Relatedly, it is important that the vetted and appointed personnel be adequately motivated by being provided the right means of transport and sufficient financial resources to carry out supervision. As other studies have shown, it is important to have a good incentive structure clearly communicated by responsible authorities or organisations mandated with supervision [44]. This enables supervisors not to be passive, absent or adopt unwanted behaviour such as soliciting illicit funds from drug sellers [45, 46]. It is well understood that financial resources are very scarce especially in low and middle income countries. However, with an appropriate supervision framework in place, the cost of supervision can be cost shared by the private sector, government and development partners where possible. This would go a long way in improving the quality of care by drug sellers for febrile children less than 5 years of age. Introduction of a supervision framework will also go a long way in reducing harshness through mediation while improving the quality of care as has been mentioned in studies done elsewhere [1, 47].

Areas of future research

Views gathered from this study were used to construct a model for an appropriate peer supervisor. It is important that this model be implemented to test how good it is in the context of rural drug sellers. During implementation, evidence gathered will reveal whether all four dimensions of the model are necessary for the model to be effective or some dimensions can be done without. Field implementation of the model in the rural area will be very important since almost 60% of the people in Sub-Saharan Africa live in rural areas [48].

It is also important that future studies consider how cost effective the peer supervision model is and what other adjustments can be done to this model to make it affordable for drug sellers. It is important that the peer supervision model is cost effective otherwise, the drug sellers pass on this high cost to the end users who are caregivers of febrile children. In addition, it is important to know whether once implemented, the peer supervision model will be embraced by drug sellers since the model involves people engaged in the same trade who may be competing with each other already.

Study limitations

This study did not use therapy quality scales (TQS) to measure general and specific skills of inspection and peer supervision during data collection [49]. Instead, views from participants were explored using a constructivist grounded theory approach by Kathy Charmaz [24].

Therefore the accounts on peer supervision are characterized by subtle meaning of participants’ perceptions and should not be interpreted as actual measurements of appropriate peer supervision.

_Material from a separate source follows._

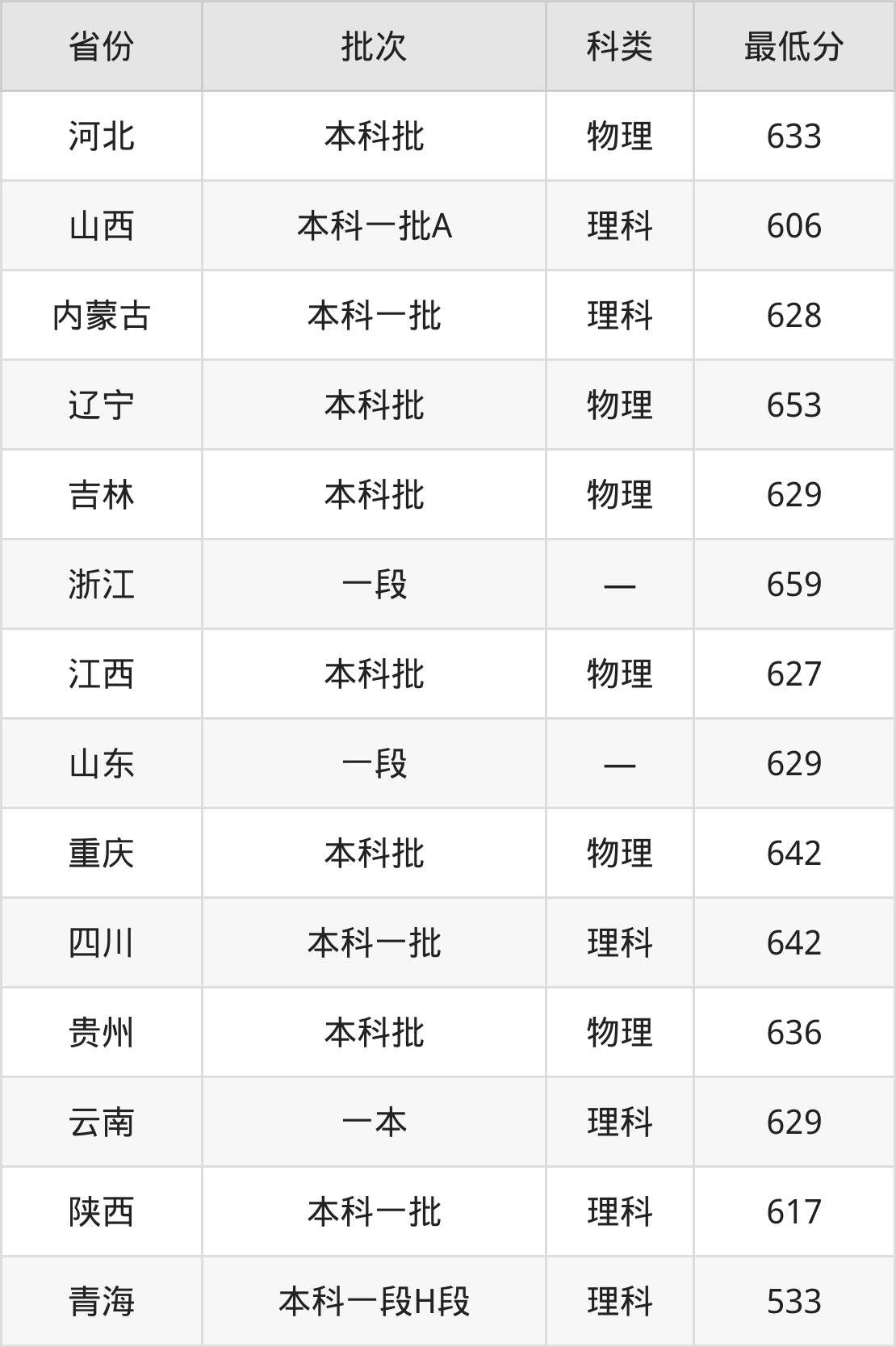 内蒙古:理科最低628分

Although we present findings from drug inspectors, strictly speaking, inspectors are mandated to uphold the law by looking out for errant drug sellers. In essence, we interviewed them because there was no other authority charged with supervising private drug sellers. As such, our work has several areas of concordance and deviance typical of exploratory qualitative studies [50].

The drug sellers interviewed in this study were duly licensed and trained by CHAI. Results gathered from this study can therefore be generalised to other drug sellers in low income countries that have been registered and or licensed in accordance with statutory laws and received some form of medical training. The researchers were cognisant of the fact that unlicensed drug sellers also exist and provide a service to communities in which they live. However, because they work illegally and stand a high chance of being prosecuted when found, it is highly unlikely that the views expressed by drug sellers in this study would apply to the unlicensed drug sellers. This may have created a bias because not all drug sellers that serve the community were included in the study and yet their views may have been different and vital in enriching the study results.

Conclusions

Four central contributions advance literature by the model developed by our study. First, the model fills a supervision gap for rural private drug sellers. Second, it highlights the need for terms of reference for peer supervisors. Third, it describes who an appropriate peer supervisor should be. Lastly, it elucidates the kind of resources needed for peer supervision.